In the body of the question we read-

"My question is purely about the sum of all vertical forces: in a steady climb, is the total upwards vertical force from all sources (wing, tail, engines, fuselage) larger than, or equal to the weight of the aircraft."

Obviously for acceleration to be zero, net force must be zero, so net vertical force must be equal to weight. This is not a very interesting question.

The title asks a completely different question: "Does lift equal weight in a climb?" This is a much more interesting question.

In the context of fixed-winged flight, Lift is defined to act perpendicular to the flight path through the airmass, and Drag is defined to act parallel to the flight path through the airmass. For the purposes of the answer, we'll assume that Thrust acts parallel to the flight path through the airmass, although this clearly not always exactly true. This simplifying assumption leads to the following vector diagram:

Powered climb at climb angles of 45 and 90 degrees:

Powered climb at climb angles of 45 and 90 degrees

In the vector diagrams above, "angle c" is the climb angle-- it is 45 degrees in the left-hand figure, and 90 degrees in the right-hand figure.

We can see that in a powered climb, Lift = Weight * cosine (climb angle), where the climb angle is measured relative to the airmass (an important distinction in the case of gliding flight-- an unpowered climb in a thermal updraft is still a descent in relation to the airmass!)

Clearly, Lift is less than Weight in a powered climb. For example, if the climb angle is 45 degrees, Lift = .707 * Weight. If the climb angle is 90 degrees, Lift must be zero.

The same is also true in a descent-- Lift = Weight * cosine (descent angle), so Lift is less than Weight. This is explored in more detail in some of the links given at the end of this answer.
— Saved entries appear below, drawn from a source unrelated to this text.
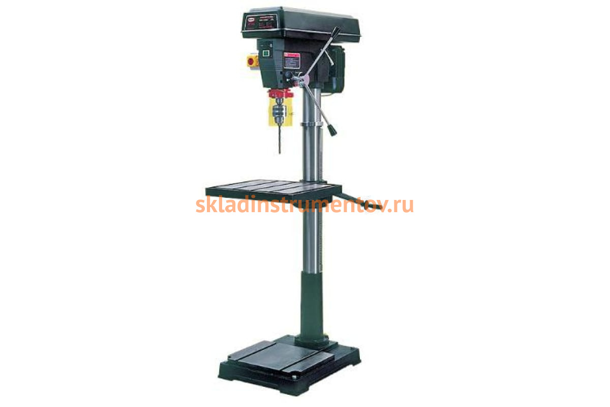 Напольный сверлильный станок Proma E-1720F/400 387103 применяется для сверления отверстий в металле до 25 мм диаметром. Чугунное основание станка делает его устойчивым. Удобная рукоять с тремя ручками - для опускания шпинделя. Кнопка экстренного отключения, отключает сразу весь станок при необходимости. Откидной пластмассовый щиток на патроне защищает оператора от вылета стружки. Стол имеет возможность наклона - для сверления отверстий под углом. Удобная регулировка глубины сверления с упором. Возможность выбора направления вращения шпинделя (реверс).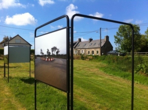 Juraj Lipscher est fasciné par le « paysage de haies » qui organise notre environnement. Cette forme d’un paysage « sous contrôle », qui clôture de manière assez opaque et relativement récente, nombre de parcelles entourant des maisons particulières, est à mettre en écho avec un paysage de champs, de plus en plus vastes, dans lesquels les talus qui constituaient l’essence du paysage breton, ont une forte tendance à disparaître. Contraste saisissant, ponctué de la part du photographe de quelques clins d’œil.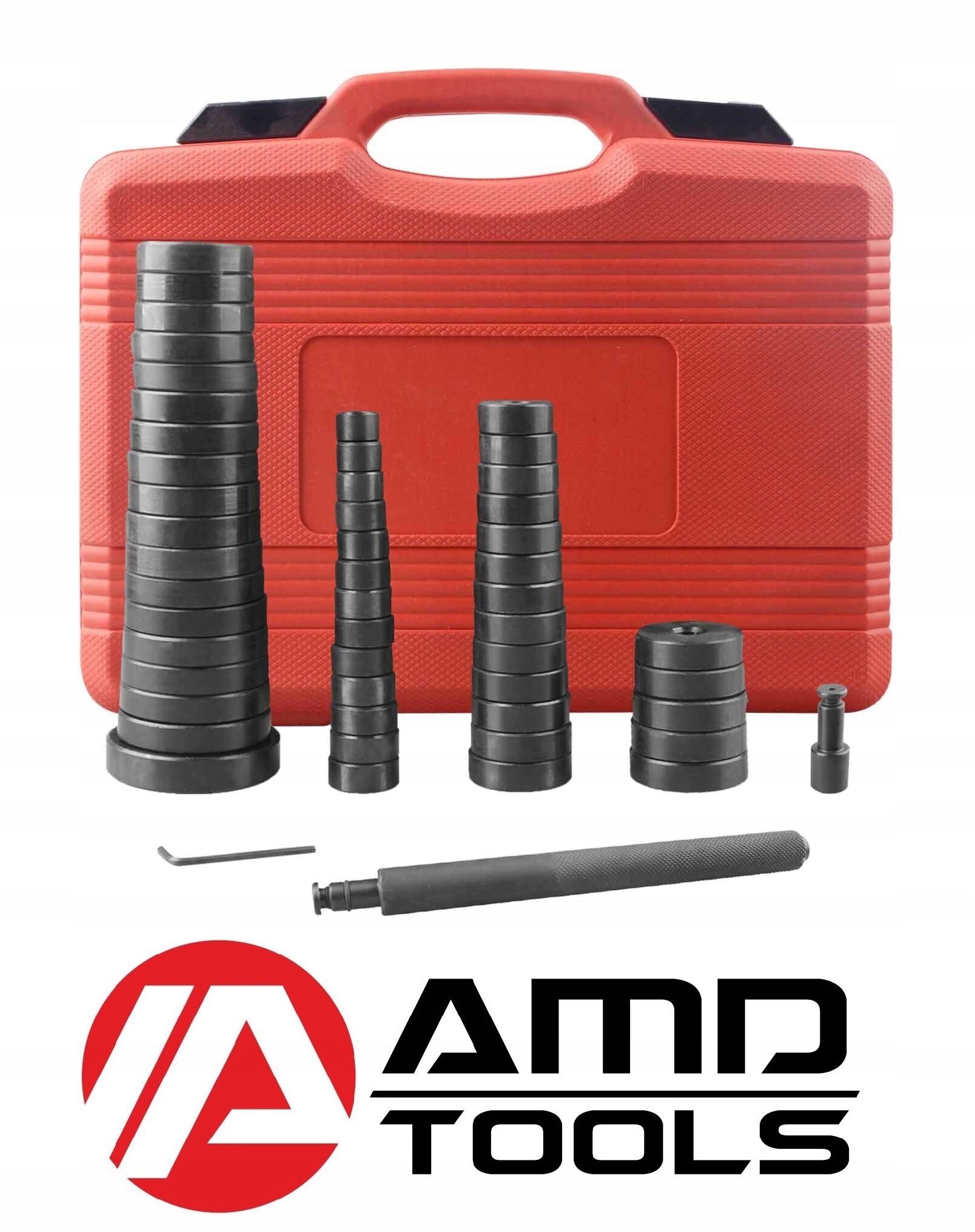 Набір інструментів AMD TOOLS призначений для монтажу та демонтажу підшипників, металево-гумових втулок і штифтів.

Note that we've taken the approach of combining the Thrust and Drag vectors into a single (Thrust-Drag) vector, and then we've arranged this vector into a closed vector triangle with Lift and Weight. Whenever vectors can be arranged nose-to-tail into into a closed polygon-- a triangle in this case-- this shows that net force must be zero, meaning that acceleration is zero and velocity i constant. For clarity we've also drawn the individual Thrust and Drag vectors outside the vector triangle. These are redundant with the (Thrust-Drag) vector.
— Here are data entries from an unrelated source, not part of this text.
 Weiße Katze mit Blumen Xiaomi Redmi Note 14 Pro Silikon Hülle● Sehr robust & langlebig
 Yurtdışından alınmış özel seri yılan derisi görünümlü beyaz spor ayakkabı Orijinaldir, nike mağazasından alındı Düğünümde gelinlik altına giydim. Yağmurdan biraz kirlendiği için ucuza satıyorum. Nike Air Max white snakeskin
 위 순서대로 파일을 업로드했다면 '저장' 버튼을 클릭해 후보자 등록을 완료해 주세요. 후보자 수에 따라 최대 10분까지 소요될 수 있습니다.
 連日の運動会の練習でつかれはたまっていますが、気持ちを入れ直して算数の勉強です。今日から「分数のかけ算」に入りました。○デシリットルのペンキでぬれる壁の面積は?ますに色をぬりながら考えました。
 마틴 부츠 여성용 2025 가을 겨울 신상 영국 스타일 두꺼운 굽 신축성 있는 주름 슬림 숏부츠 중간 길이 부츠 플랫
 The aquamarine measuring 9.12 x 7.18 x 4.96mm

Varying the climb angle and/or the L/D ratio:

Varying the climb angle or the L/D ratio

Note that for a given aircraft in a given configuration, any given angle-of-attack is associated with specific values for the lift coefficient, drag coefficient, and ratio of lift coefficient / drag coefficient. Lift is proportional to lift coefficient * airspeed squared, and drag is proportional to drag coefficient * airspeed squared, so the ratio of the lift coefficient / drag coefficient is also the ratio of Lift / Drag. So for a given aircraft in a given configuration, any given angle-of-attack is associated with specific ratio of Lift to Drag.
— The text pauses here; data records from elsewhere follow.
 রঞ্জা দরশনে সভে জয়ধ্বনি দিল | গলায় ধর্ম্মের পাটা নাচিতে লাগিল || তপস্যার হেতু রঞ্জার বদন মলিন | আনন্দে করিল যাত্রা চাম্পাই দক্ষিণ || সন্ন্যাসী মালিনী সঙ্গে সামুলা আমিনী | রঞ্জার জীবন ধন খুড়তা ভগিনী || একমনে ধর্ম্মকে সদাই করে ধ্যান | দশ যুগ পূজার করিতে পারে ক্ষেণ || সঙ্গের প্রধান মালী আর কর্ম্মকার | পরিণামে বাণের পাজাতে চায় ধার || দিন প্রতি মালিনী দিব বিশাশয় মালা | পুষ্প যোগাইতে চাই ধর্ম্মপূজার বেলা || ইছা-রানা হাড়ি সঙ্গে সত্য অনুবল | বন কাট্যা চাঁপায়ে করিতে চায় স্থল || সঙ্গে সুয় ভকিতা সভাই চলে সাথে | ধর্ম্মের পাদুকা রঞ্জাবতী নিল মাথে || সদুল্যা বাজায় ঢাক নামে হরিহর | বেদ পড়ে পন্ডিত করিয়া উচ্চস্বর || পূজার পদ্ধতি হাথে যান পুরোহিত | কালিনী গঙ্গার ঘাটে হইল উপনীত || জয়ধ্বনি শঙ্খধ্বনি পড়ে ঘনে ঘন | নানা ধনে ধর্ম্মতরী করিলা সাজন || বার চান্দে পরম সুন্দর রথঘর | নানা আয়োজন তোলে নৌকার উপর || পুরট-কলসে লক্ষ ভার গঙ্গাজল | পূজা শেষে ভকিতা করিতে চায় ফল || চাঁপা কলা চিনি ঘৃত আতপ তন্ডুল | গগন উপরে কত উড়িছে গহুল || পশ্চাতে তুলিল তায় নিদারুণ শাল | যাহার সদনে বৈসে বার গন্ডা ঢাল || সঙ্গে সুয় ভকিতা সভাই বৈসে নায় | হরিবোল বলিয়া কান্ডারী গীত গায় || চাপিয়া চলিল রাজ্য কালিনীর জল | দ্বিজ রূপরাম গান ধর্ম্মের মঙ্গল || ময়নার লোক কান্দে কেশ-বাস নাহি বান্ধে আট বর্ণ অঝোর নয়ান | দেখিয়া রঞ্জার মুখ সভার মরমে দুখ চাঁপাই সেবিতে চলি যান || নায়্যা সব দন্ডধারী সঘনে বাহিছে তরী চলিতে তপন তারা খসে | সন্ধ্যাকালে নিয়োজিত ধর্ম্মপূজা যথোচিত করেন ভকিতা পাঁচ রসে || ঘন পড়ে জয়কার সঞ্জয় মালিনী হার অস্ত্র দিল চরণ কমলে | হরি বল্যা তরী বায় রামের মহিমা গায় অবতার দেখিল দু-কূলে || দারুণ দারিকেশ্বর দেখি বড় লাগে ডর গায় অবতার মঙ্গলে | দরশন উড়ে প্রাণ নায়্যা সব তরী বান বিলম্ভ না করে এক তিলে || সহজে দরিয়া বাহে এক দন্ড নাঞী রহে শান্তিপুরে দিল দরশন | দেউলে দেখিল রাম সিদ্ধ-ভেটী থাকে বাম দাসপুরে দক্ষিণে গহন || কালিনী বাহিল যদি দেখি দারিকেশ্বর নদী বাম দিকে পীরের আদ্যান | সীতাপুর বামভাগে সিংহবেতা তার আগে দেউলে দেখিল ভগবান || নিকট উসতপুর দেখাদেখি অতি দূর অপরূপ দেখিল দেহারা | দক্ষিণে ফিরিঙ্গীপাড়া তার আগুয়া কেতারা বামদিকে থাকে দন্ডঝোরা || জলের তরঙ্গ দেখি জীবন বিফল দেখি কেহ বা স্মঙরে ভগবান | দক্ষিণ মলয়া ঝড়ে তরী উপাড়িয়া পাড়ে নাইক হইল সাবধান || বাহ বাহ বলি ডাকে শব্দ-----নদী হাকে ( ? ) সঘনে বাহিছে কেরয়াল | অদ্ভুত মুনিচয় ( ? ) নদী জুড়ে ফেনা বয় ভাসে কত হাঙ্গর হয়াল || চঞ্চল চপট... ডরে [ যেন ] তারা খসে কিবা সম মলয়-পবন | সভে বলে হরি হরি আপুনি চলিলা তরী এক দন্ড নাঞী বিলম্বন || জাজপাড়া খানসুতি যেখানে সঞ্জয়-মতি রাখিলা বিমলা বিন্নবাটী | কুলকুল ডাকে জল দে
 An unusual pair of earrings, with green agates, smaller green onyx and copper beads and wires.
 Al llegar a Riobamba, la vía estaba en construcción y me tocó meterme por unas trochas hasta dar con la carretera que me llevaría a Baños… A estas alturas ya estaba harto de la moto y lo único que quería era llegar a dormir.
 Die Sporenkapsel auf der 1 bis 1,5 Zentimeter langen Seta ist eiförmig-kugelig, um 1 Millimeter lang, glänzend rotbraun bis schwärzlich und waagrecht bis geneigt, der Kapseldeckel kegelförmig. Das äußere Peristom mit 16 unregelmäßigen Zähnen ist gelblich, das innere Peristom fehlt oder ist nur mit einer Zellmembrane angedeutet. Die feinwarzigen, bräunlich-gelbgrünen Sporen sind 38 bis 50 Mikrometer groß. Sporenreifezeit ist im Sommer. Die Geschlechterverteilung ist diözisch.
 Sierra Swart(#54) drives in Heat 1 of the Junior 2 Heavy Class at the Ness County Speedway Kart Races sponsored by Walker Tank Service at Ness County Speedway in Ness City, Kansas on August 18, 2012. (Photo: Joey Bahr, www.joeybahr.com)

If the left-hand diagram above and the middle diagram above both represent the same aircraft in the same configuration, then the aircraft must be flying slightly slower in the middle diagram. That's the only way the L and D values can both be slightly smaller, for the same L/D ratio. Adding power to increase the climb angle, while holding the angle-of-attack constant, makes the airspeed decrease slightly. However in the case illustrated here, the change in airspeed would be too tiny to ever notice in practice-- it would be equal to the square root of the change in the value of the magnitude of the lift vector or drag vector.

If all the diagrams represent the same aircraft in the same configuration of flaps etc, then the right-hand diagram (5:1 L/D ratio) would represent a lower angle-of-attack than the left-hand or middle diagrams (10:1 L/D ratio). (We'll ignore the other possibility that the 5:1 case represents mushing flight very near stall, where drag is very high.) A lower angle-of-attack means a lower lift coefficient, yet the size of the lift vector is the same, so the airspeed must be higher in the case illustrated in the right-hand diagram. Therefore the climb rate is also higher. In short, when we increase thrust to increase our climb rate, we also must reduce angle-of-attack, if for some reason we wish to keep our climb angle constant rather than allowing it to increase.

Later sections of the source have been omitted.